Pikiran Jun buyar, berganti dengan perasaan antusias yang menggebu, ingin mengajak kekasihnya berjalan-jalan dan menghabiskan waktu berdua bersama.

Minghao terkikik, “Oke, nanti ya kak. See you.” dan panggilan pun berakhir. Kini perhatiannya fokus pada kekasihnya yang sepertinya menunggu lama. Bahkan tehnya telah habis, dan teh milinya masih tersisa setengah. Ia menunjukan cengirannya sembari bergumam maaf, membuat Jun, kekasihnya, mengacak rambutnya perlahan karena gemas.

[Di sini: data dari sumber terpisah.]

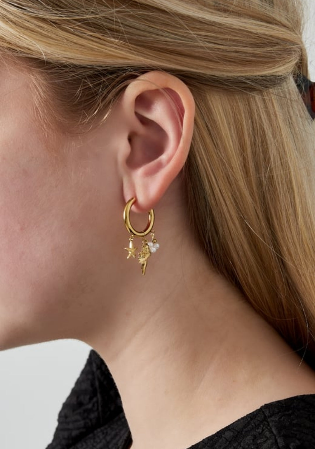 Goudkleurige oorbellen met schelp, zeester en pareltjes tropisch en stijlvol voor een zomerse look!

Tatapan matanya menggoda, berniat menjahili. “Jadi, dokter muda kita mau libur nih?” tanya Jun. Alisnya bergerak naik turun, namun seringai tidak luntur dari wajahnya. Minghao salah fokus. Jun terlalu tampan. Hingga Jun menyentil dahi pria itu.

“I ask you, soon to be Mrs. Wen.”

Pipi Minghao merona, tapi tetap memukul tangan Jun didepannya. Pukulan sayang, tidak menyakitkan. Jun tergelak karenanya. Minghao mengangguk, lalu menggenggam jemari kekasihnya. Mengusap cincin silver dengan huruf M yang melingkar manis di jari sang kekasih.

“Iya. Ayo kita pergi liburan.”

Senyum keduanya terbit, lalu melangkah keluar kafe, dan berniat kembali kerumah sakit.